Want to make a concept stick? Learn how to space out your studying.

There are very simple but effective tricks you can implement when studying for any exam that will help embed concepts into your long term memory.

Let’s look at a couple ways.

 

Cramming a Different Way

The young professionals that we teach at Professional Exam Tutoring are old enough to know that cramming doesn’t always work. This is especially true for exams with a lot of content like the CFA Exam or the Series 7 Top-Off Exam. In simpler times, like during high school or freshmen year in college, maybe you could get away with it. But, it’s not worth the risk when your job is on the line.

If you were a serial crammer in those years you may have never learned effective study techniques for a large amount of information.

Well you’re in luck. There is one type of cramming that is effective.

Specifically, when you study a difficult concept, you want to cram as many practice questions as you can into your study process to exhaust all possible ways that concept can be tested. Think of it like practicing your golf swing, or a few bars from a song on the piano, over, and over, and over, and….you get it.

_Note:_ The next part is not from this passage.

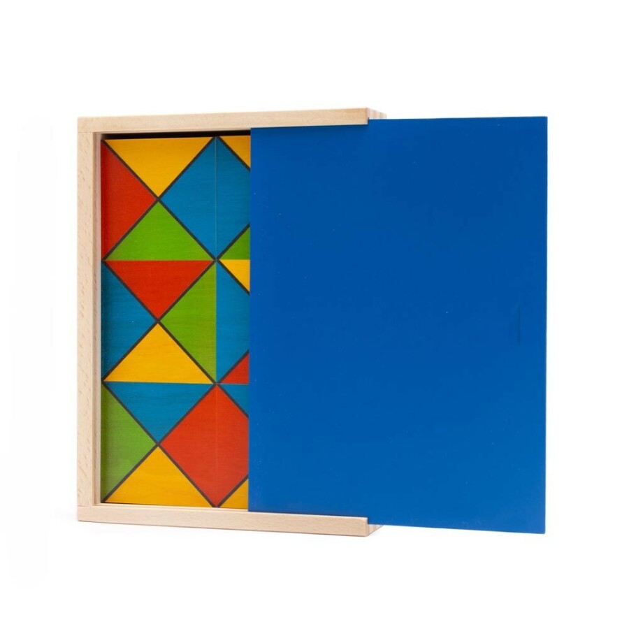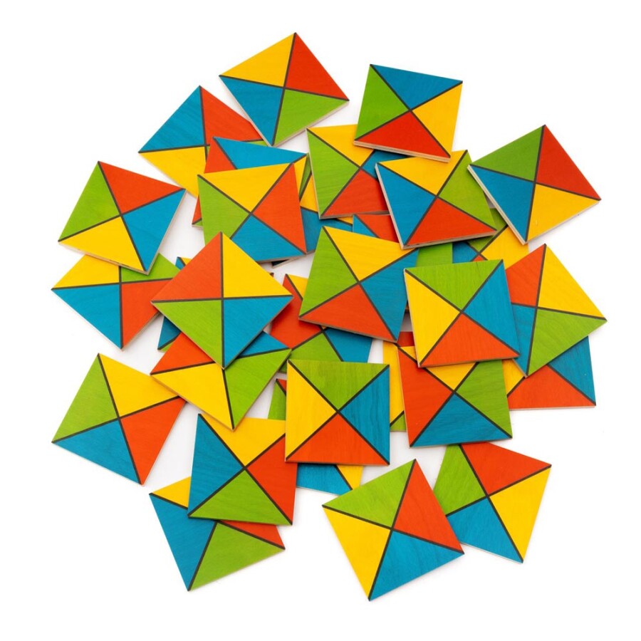 Dit houten legspel traint waarnemen, concentratie en ruimtelijk inzicht op een speelse manier. Kinderen leggen driehoeken tot perfecte vierkanten aan de hand van duidelijke voorbeeldkaarten. Speel solo of met de groep, met verschillende niveaus en zelfcontrole. Robuuste, kleurrijke tegels en houten box maken opruimen snel en netjes. Handig lesmateriaal geeft tips en varianten voor onderwijs en thuis.
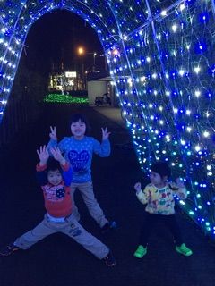 点灯式には行けませんでしたが、きれいなイルミネーションに子供たちもはしゃいでいました。

This type of practice works. Think back to high school math when you learned a new concept. Your teacher might give you 10-15 different practice questions on a single concept. If you did your homework, and got through the practice questions, chances are that these drills helped.

Studies (by Ericsson and others) show that it is often “working on the hard parts” that drives performance. If you get stuck on the Options section for the SIE Exam for instance, consider doing 15-20 practice questions at a time. This can really “hammer home” a concept, and will solidify understanding. It helps you see a concept from a bunch of different angles. Importantly though, you need to pair this with one more study trick to ensure it sticks…

 

Space Out Your Studying (Don’t Cram It)

Even though you should cram in 15-20 practice questions on difficult subjects all at once, don’t just leave it at that.

You should revisit those same questions (or preferably new ones on the same topic) again within 72 hours at most. While many of us like to think that we have great memories, the average person won’t retain a new concept – especially a difficult one – if they don’t review it within a few days.

Many of our students may empathize with this when it comes to Options for the SIE Exam, or Series 7. The Options section is one of the most confusing topics on these exams. In our experience, if our students don’t review it at least 2-3 times per week with around 20-30 practice questions per sitting, proficiency is highly unlikely.

Space out your studying in such a way that you continuously rotate through difficult concepts. This helps keep them fresh.

For instance, if you did Options on Monday, don’t touch it again until Thursday. If you did the Margin section on Tuesday, don’t touch it again until Friday. You may have to study multiple topics per day, but spacing them out is key to solidifying the concepts into your long term memory.

Plenty of academic research backs up this method (check out studies by Dr. Kornell from Williams College). But we can tell you that we see it first-hand as tutors too!

The bottom line is that you should work on the hard stuff in spurts, then space out that work to make it more concrete. Good luck!